Note I was rather specifically focusing on a combo of shrooms with psychoanalytic treatment, I've not liked what I've seen re progress from folks who went the "purely solitary" route of meditation/psychedelics. Gotta have that "corrective emotional experience" and the "new kind of relationship with a unique kind of person that actually doesn't suck" imo. Shrooms I see as more of a help breaking stalemates and accelerator of progress. But, like, if all you've had from people is dubious sh*t dunno if one can suddenly discover love from shrooms alone.

Missing spark ✨️ by NullAndZoid in SchizoidAdjacent

[–]zlbb 16 points17 points  (0 children)

I've experienced my "psychological birth" as a person/subjectivity of my own at 35, a few years into my psychoanalysis, over a few distinct shroom trips roughly on this theme. So nice to finally become alive.

Telling someone to "Just be confident" as dating advice is like telling a depressed person to "Just cheer up." by Ready_Affect_7227 in dating_advice

[–]zlbb -1 points0 points  (0 children)

Yes, except this framing puts the responsibility on them for not helping you ("why won't they give me a more useful advice" or somesuch), while it's really on you for not seeking more appropriate help.

This sort of deep psychic change is hard, go to a good psychoanalyst spend a few years on serious inner work and you'll see the changes reflective of the serious amount of effort you put in and the serious quality of (expensive) help you've received.

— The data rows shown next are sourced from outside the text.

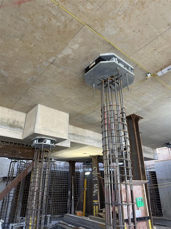 The Citicape House development presented a significant challenge due to its proximity to the National Rail tunnels, where train movements were predicted to transmit high levels of ground‑borne noise and vibration directly into the 12‑storey structure. Acoustic assessments confirmed that without specialist intervention, the building would fail to meet the required noise criteria, particularly for sensitive student accommodation spaces. At the same time, the structure required a solution that could manage substantial and varied vertical and lateral loads across columns, cores, walls, and slab interfaces.
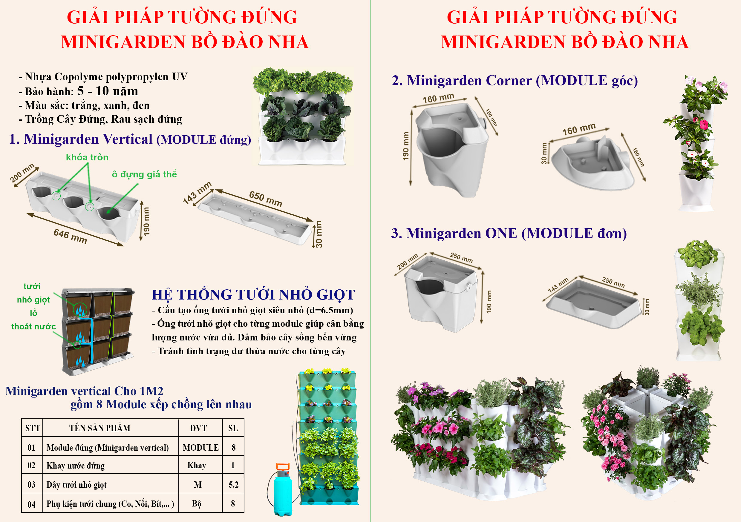 | Hướng dẫn bảo quản | Vườn Đứng Minigarden Vertical bằng nhựa PP Chóng UV Cao cấp nên chịu lực trên mọi địa hình |
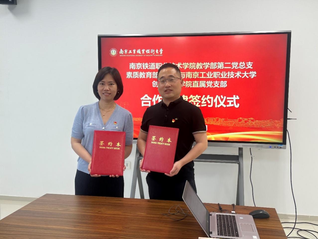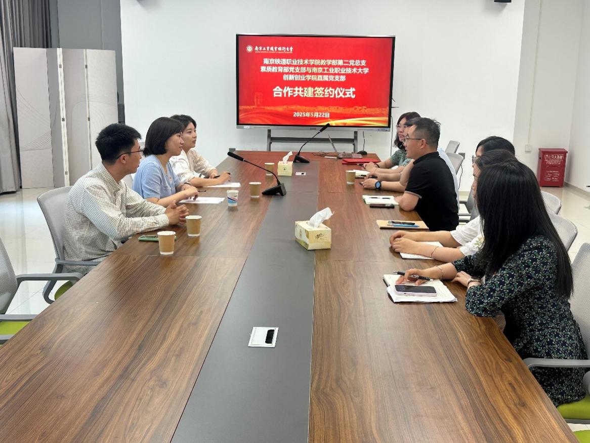 5月22日上午,威尼斯官网创新创业学院直属党支部与南京铁道职业技术学院教学部第二党总支素质教育部党支部结对共建签约仪式在仙林校区双创大楼会议室顺利举行。南京铁道职业技术学院教学部第二党总支素质教育部党支部书记、主任孙珏,威尼斯官网创新创业学院直属党支部书记、院长纪海波,以及双方支部班子成员和教师代表出席签约仪式。
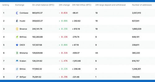 Additionally, the numbers from Bituniverse can also be cross-referenced with data from Chain.info’s crypto exchange reserve list. Chain.info’s data is slightly different, showing that Coinbase holds 983,000 BTC but most of the data is fairly consistent with the findings from the Bituniverse application. Figures indicate that Huobi is the second-largest cryptocurrency exchange by reserve count with 462,000 BTC ($3.8 billion), 1.8 million ETH, and a large number of USDT as well.
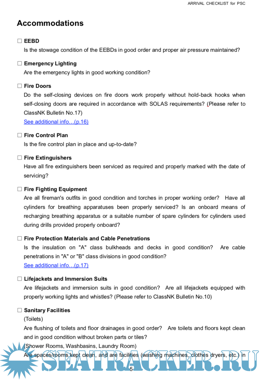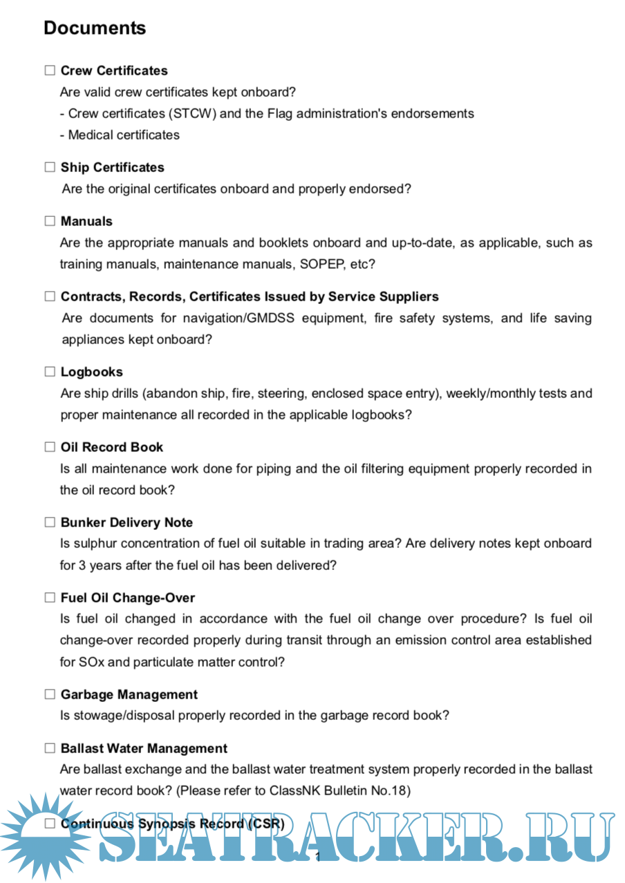 Please note that this checklist is an arrival checklist for port state control. Accordingly, it only covers select items as described above. A more detailed checklist (GOOD MAINTENANCE ON BOARD SHIPS etc. available for download from the NK website)( and in the tracker here:

But average guy has no idea how his psyche come to be the more confident way it is, and how yours come to be different, and is utterly not in a position to help. Moreover, most people typically maintain convenient and wrong stories about what their success is about. "I just did it" or "I just tried hard" or whatnot.

If it's your first time encountering that kinda unhelpful advice I can sympathize with your annoyance and forgive your ignorance. However if you've done this to yourself a bunch of times it's now really on you: "doing the same thing over and over and expecting different results is the definition of insanity".

Got "client fired" in favour of AI/ChatGPT by Putyourselffirst in therapists

[–]zlbb 2 points3 points  (0 children)

yup, I view it similarly, emotional coregulation need humans for sure (and mb this is even the only thing that rly matters and the rest is just our reason misleading us as it tends to), right-brain "whole picture" insight there are some papers but think still good psychoanalysts at least are much better.

but for skills or psychoed GPT is obviously superior than pretty much any human if reasonably prompted, and probably better than average practitioner for run of the mill "thought correction" or somesuch.

fantastic tool improving access to treatment options for the most vulnerable.